If WEASEL is submitted to a queuing system such as Slurm, then resources are retrieved from the queuing system. Currently, WEASEL supports all queuing systems supported by Open MPI, that includes Slurm, PBS/Torque, GridEngine and several more.

Hyper-threading

In general WEASEL and some of the programs it uses, most notably ORCA and XTB, do support hyper-threading. Though, from our experience hyper-threading introduces a significant performance penalty, therefore, it is disabled by default. WEASEL will also utter a warning if it detects usage of hyper-threading. Nevertheless, hyper-threading can be turned on using following keyword in your settings file:

[HARDWARE]
# Use 'False' to turn it off.
Use_Hyperthreading = True

The RSH command

For the parallelization to work the RSH_COMMAND option—the command by which WEASEL invokes itself on slave nodes—has to be set in the settings files:

[SOFTWARE]
# Set rsh command for parallel Weasel runs on clusters
RSH_COMMAND=ssh -x
# Set rsh connection timeout for parallel Weasel runs on clusters (unit: seconds) [default: 15]
RSH_TIMEOUT=15

By default WEASEL uses SSH to connect to remote machines. Depending on the underlying hardware setup this options has to be adjusted accordingly.

Note

Note, the RSH_COMMAND can also be set via an environmental variable with the same name and it has a higher precedence than the respective option in the settings files (shown above).

Note

The RSH_TIMEOUT options determines how long WEASEL waits for a response from a remote process. Depending on the workflow and the type of calculation WEASEL will retry or abort the current step. Note, the timeout only has influence on the data exchange between the remote process and the main process and not on the duration of the calculation.

Multiple nodes

For running calculations on more than one machine (e.g. on a HPC cluster), WEASEL provides a simple interface via hostfiles or - if installed - via a queueing system.

Note

WEASEL does not support calculations on a shared filesystem. Hence, the user has to start the calculation on the headnode's local filesystem and ensure that the very same absolute path does not clash on any other participating nodes. However, WEASEL will try to take care of creating and cleaning up this directory on the other nodes.

Hostfile

The number of cores for multiple nodes can be supplied via command line argument -hostfile:

weasel structure.mol2 -hostfile <HOSTFILE>

The format of this file follows simple version the syntax used by Open MPI. Each line consists of exactly one hostname. The number of lines of with the same hostname corresponds to the number of CPU cores used on that hosts. The order of the hostnames does not matter. Comments or blank lines are not allowed. For a setup with 3 cores on node1 and 2 cores on node2 a hostfile would look as follows:

1node1
2node1
3node1
4node2
5node2

Note

The command line option -cores overwrites the total number of cores obtained from the hostfile but it may not exceed it.
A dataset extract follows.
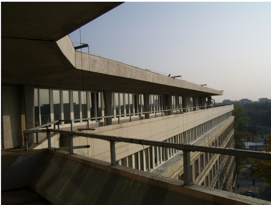
Fot. 4 Taras na VII piętrze

Queuing Systems: Submission script for Slurm

For convenience and as an example, the WEASEL package contains a minimal submission script for Slurm: subweasel. It accomplishes most of the tasks required for running a WEASEL job in a Slurm cluster:

  • Supplying a suitable job script for the job allocation.

  • Creating a scratch directory on a local filesystem.

  • Copying the results back to the base directory of the working dir.

Additional arguments to the sbatch call can be supplied via -s. For example, allocating 16 cores and running WEASEL with 128MB per core:

subweasel -s "--mem-per-cpu=128 -n 16" -- structure.mol2

See subweasel -h for a complete list of options, as well as sbatch -h.

Note

subweasel expects all input files (e.g. structure.mol2) to be on a shared filesystem.